A gratidão de ambas as partes é crucialmente posta à prova; apesar do progresso, a falibilidade frustra dolorosamente quando não se efetiva uma cura, uma melhora, e crescem necessidades não atendidas e frustrações. Paradoxalmente, houve uma perda de prestígio em geral, o público demanda mais. Médicos se mostram insatisfeitos porque perderam poder devido à burocracia hospitalar e de seguros de saúde, são sujeitos a reclamações de pacientes que adquiriram direitos de autonomia, de consentimento, de partilhar decisões, e possuem mais acesso à informação, ao passo que os pacientes se queixam de serviços de saúde insuficientes, de prevenção inadequada, de falta de atenção e de efeitos iatrogênicos.
A cisão é um modo de resolver o insuportável; assim, os médicos denominados organicistas aparentemente desprezam o conflito, imbuídos da missão que lhes cabe: salvar vidas com métodos fundamentados e validados.
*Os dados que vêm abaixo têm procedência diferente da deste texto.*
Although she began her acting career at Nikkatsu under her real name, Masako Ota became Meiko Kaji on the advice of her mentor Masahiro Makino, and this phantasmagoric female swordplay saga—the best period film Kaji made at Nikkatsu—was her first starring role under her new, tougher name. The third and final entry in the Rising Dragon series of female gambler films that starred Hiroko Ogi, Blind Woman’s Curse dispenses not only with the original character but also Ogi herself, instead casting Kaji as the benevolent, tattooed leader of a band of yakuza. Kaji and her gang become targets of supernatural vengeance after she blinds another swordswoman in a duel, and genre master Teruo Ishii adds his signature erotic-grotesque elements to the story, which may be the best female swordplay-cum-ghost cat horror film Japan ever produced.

Quando o paciente morre ou permanece crônico, a perda é incorporada como parte da limitação dos recursos disponíveis. Os médicos clínicos generalistas buscam reorientar-se mantendo os valores tradicionais do médico de cabeceira e às vezes incorrem, sem percebê-lo, no polo oposto da cisão, uma fusão com seus pacientes, ou se mantêm aferrados no exercício do paternalismo. O paciente, por sua vez, oscila entre a submissão e o protesto, este último nem sempre pertinente aos fatos ocorridos.
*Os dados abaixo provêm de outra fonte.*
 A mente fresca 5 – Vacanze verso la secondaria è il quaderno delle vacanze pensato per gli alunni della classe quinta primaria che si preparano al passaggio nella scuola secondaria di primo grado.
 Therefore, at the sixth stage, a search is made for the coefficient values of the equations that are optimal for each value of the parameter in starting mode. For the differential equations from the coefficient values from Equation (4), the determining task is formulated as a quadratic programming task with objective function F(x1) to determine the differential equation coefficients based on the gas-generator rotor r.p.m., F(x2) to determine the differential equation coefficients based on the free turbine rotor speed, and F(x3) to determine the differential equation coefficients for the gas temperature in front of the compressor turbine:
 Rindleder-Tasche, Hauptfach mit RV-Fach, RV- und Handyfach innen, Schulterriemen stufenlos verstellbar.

Subjaz às interações mencionadas a gritante contradição cultural no campo da ciência, quando a objetividade se distanciou radicalmente da subjetividade. A medicina conquistou operacionalidade e progressos, mas perdeu apropriação de tessituras que modulam órgãos, processos, vinculações. Retomar a subjetividade sem perder a objetividade parece ser um desafio atual.
A psique grupal impulsiona tentativas de reunião do que foi cindido, e surgem reativamente movimentos denominados holísticos, negando ou diminuindo o valor da medicina científica e seu avanço de anos de estudo, de pesquisa e de experiência. Muitas dessas práticas são danosas para o paciente, confundindo-o e provocando angústia desnecessária a ele e a seus familiares. Se existe uma cisão dentro da medicina, quem sofre seus efeitos não são apenas os pacientes, mas também os médicos e os profissionais da saúde; situações sem saída dentro do esquema referencial e do código de conduta habitual ativam recursos adaptativos e rumos alternativos. Proliferam, assim, as modalidades medicinais denominadas não convencionais, uma busca de integração.
O risco é que a subjetivação não refinada, mais primitiva, possa desembocar na manipulação oportunista, no engodo e no crime à custa do sofrimento, da insegurança, da fragilidade; engano mobilizado pela busca de esperança, de calor humano, de confiança e do milagre. O paciente desesperançado se entrega à ilusão; o médico, perplexo, não consegue alcançá-lo com a razão. A pungente questão é como reintegrar à medicina aquilo que foi cindido.